> _Work request_
Look through the listing below for the line containing "분형 요소를 가진 흰 피부를 가진 왕실 천상 존재.". Copy it and each line after it up to and including the line containing "Will Trade Stepmom", exactly, leaving out pictures.

> _Data supplied_

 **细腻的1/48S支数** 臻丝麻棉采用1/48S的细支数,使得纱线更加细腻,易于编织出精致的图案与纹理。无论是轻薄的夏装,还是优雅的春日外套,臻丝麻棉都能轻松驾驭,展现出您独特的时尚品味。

* * *

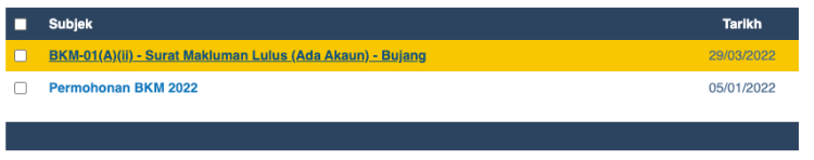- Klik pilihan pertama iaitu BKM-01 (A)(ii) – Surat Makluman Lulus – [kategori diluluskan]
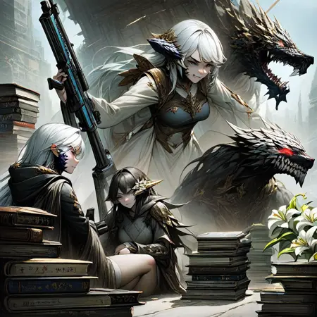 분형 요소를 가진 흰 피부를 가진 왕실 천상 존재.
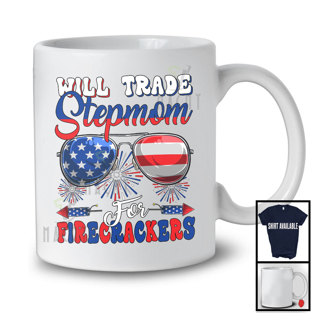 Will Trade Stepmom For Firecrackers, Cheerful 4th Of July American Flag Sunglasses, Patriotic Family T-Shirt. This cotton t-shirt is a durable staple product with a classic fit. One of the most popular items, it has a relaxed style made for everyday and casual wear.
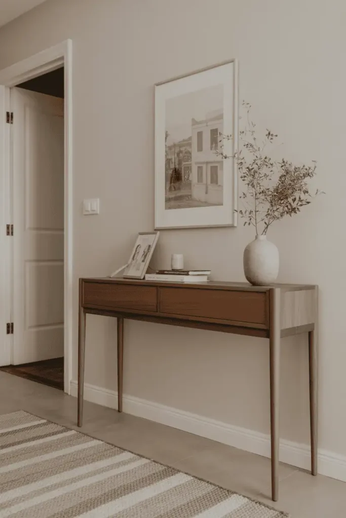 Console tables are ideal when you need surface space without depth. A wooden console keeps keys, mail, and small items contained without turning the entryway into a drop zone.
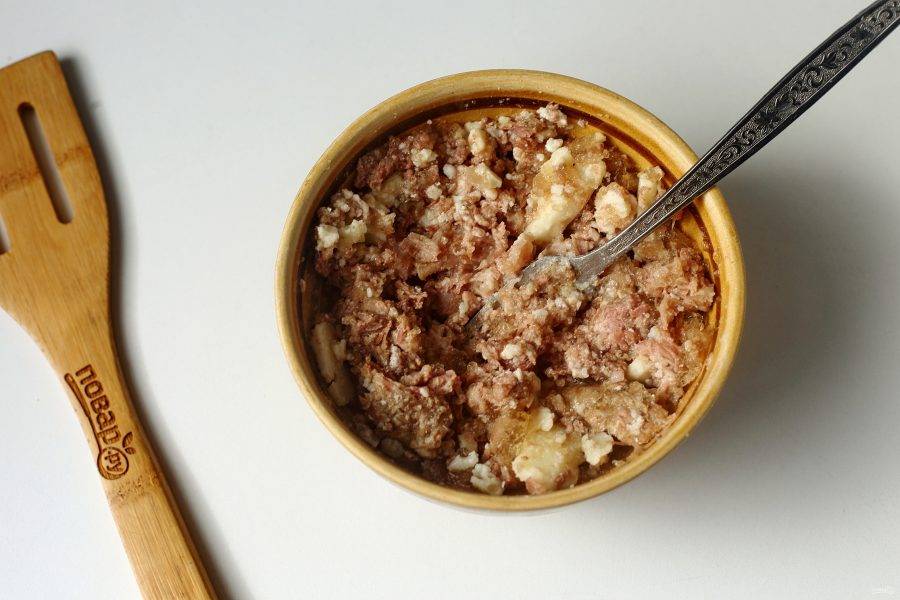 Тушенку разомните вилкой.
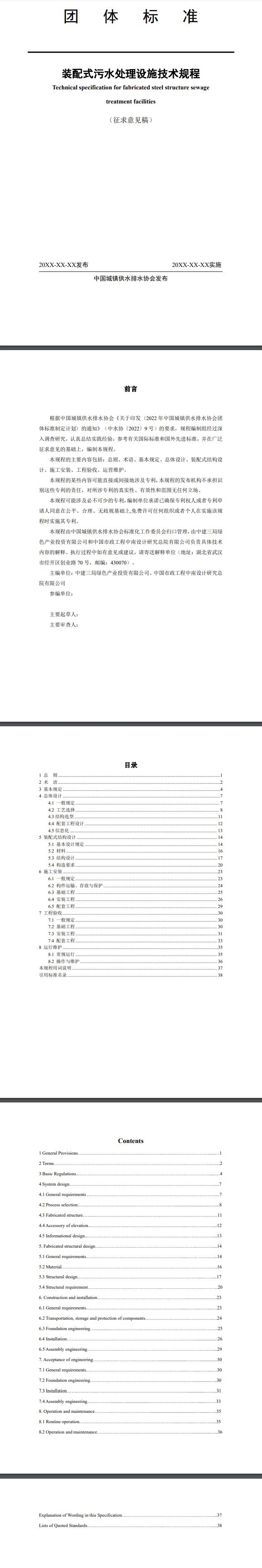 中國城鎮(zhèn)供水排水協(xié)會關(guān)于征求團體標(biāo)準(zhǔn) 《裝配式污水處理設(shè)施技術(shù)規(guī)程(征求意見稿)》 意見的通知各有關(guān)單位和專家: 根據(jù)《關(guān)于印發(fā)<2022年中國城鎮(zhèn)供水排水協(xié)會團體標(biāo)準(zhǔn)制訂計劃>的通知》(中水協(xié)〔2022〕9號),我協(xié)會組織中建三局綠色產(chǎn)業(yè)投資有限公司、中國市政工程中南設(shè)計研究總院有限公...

==

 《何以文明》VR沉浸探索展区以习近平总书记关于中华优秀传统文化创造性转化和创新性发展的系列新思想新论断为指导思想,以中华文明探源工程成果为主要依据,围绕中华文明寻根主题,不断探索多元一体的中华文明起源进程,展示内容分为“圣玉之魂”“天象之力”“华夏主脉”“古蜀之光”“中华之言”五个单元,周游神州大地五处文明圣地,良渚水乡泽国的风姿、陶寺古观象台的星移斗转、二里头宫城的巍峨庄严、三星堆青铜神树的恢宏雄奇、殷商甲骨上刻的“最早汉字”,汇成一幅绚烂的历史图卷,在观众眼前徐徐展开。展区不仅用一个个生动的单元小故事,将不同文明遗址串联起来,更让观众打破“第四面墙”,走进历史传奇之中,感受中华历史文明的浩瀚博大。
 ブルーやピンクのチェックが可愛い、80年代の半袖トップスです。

> _Written solution_
 분형 요소를 가진 흰 피부를 가진 왕실 천상 존재.
 Will Trade Stepmom For Firecrackers, Cheerful 4th Of July American Flag Sunglasses, Patriotic Family T-Shirt. This cotton t-shirt is a durable staple product with a classic fit. One of the most popular items, it has a relaxed style made for everyday and casual wear.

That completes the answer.